McCutchen’s homer not enough for Bucs


Pittsburgh Pirates’ Neil Walker, left, gets his glove kicked out of his hand by Milwaukee Brewers’ Aramis Ramirez as he steals second base during the sixth inning of a game Sunday in Milwaukee.
Associated Press
MILWAUKEE
Neil Walker wanted the Pittsburgh Pirates to get off to a better start after the All-Star break.
A.J. Burnett held off the Brewers for five innings before giving up four runs in the sixth and Milwaukee beat the Pirates 4-1 on Sunday.
Walker didn’t fault Burnett, but rather poor defense.
“The way I see it, we gave them two games to be honest with you,” Walker said. “We didn’t play good defense today. We didn’t execute on Friday.”
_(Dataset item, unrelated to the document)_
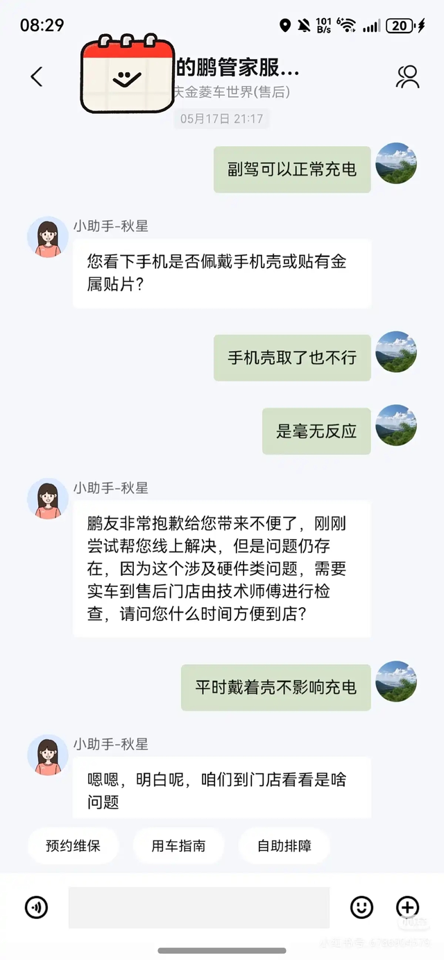 开了三万三千公里小鹏P7+吐槽一下缺点 1.无线充不好用,我使用的手机是一加12,每次充电,不管是在行驶过程中还是停止过程中,在没有碰手机的状态下喜欢断充,时不时就退出充电,然后自己又充上电,长时间下来,根本就没充上多少电。与售后反应过此问题,当时短时间内测试无异常,但是实际在使用过程中还是会出现,最后放弃使用此功能,买了根充电线进行充电。 2.底盘调教,说实话这个车底盘调教很软,在城市路段我觉得这种软其实还不错,但是过乡村那种颠簸路段,速度稍微快一点可能会磕底盘,然后开的也很难受,底盘会不稳定,开普通或者运动模式可能强一点。后面5月份升级了新款P7+,升级了5C及底盘CDC调教,不知道优化如何。 3.这个车属于中大型轿车,对于新手而言,车还是比较长和宽的,不管是在驾驶过程中还是停车过程中,都需要注意车尾的通过性,对新手不太友好,我老婆是去年刚拿到的驾照,这辆车刚开起来不太适应,后面多开了一段时间就好一点了。 4.开了11个月,总共行驶了33000km,从一月份提车截止到现在,只要是下雨天开雨刮器就会滋滋滋的响,在车友群里反馈,好多车友也有这个问题,小鹏原装雨刮是真的很不耐用,已经买好了新雨刮器,下次下雨前就可以更换了。

The Brewers opened the three-game series against the Pirates with a 10-7 win on Friday night.
“You have to tip your cap to how they pitched, especially today,” Walker said. “This is a tough place for us to play regardless, tough place for anybody to play.”
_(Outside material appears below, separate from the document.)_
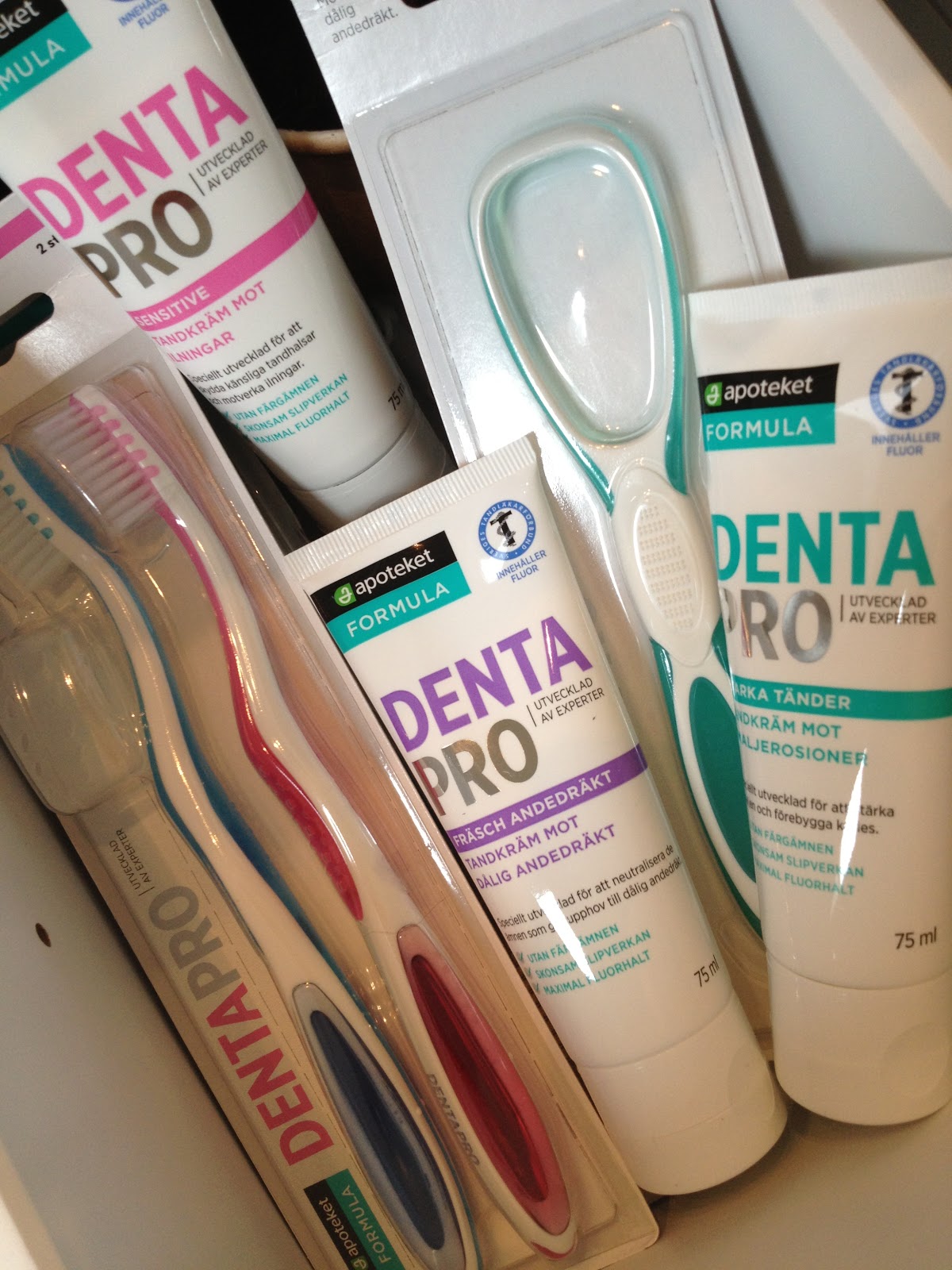 Apropå tandhälsa så har Apoteket börjat sälja produkter i det temat. Där finns tandborstar, tungskrapor, munskölj, tandkräm och tabletter som ska ge en fräsch andedräkt i serien Dentapro. Här kan du läsa mer om hur du ska ta hand om dina tänder.

Yovani Gallardo (8-6) struck out a career-high 14 in seven innings.
Burnett (10-3) had his career-high nine-game winning streak ended.
“Things happen. It’s baseball,” he said. “It’s not from a lack of effort. These guys try as hard as they can out there. It just didn’t go our way.”
It did go the Pirates’ way early as Burnett stranded seven runners in scoring position through five innings, but then Milwaukee pushed across four runs on four hits and one error in the sixth.
Nyjer Morgan singled. Ryan Braun singled to right fielder Garrett Jones, whose throw sailed passed the cutoff man and allowed Morgan to score. Braun went to third on the play and scored on Aramis Ramirez’s RBI single.
Ramirez stole second as Corey Hart struck out. Ramirez scored on Rickie Weeks’ double, who then scored on Maldonado’s third hit of the game.
“We didn’t defend very well behind him [Burnett] which complicated it,” Pirates manager Clint Hurdle said. “The throw and the play at third, those are plays we got to make. We didn’t handle the inning very well. A.J. pitched a very, very good ball game today.”
Burnett allowed four runs and nine hits and struck out seven in seven innings.
The one bright spot continued to be Andrew McCutchen, who homered off Gallardo in the fourth.
McCutchen, who had three of the Pirates’ five hits, hit his 21st homer and fifth in the past four games. He also had two singles. He is batting .560 (28 for 50) with seven homers, 19 runs scored and 16 RBIs in his past 12 games and leads the majors with a .371 average.
“He is as good a player as there is in the league,” Hurdle said. “He is playing at an elite level, all across the board. He has earned his name being in those [MVP] conversations at this point. But it is still early. We’ve all got work to do.”
McCutchen made an impression on Gallardo, too.
“He’s on fire,” Gallardo said. “He’s swinging the bat very well. That home run was a pretty good pitch. It was on the outside part of the plate.”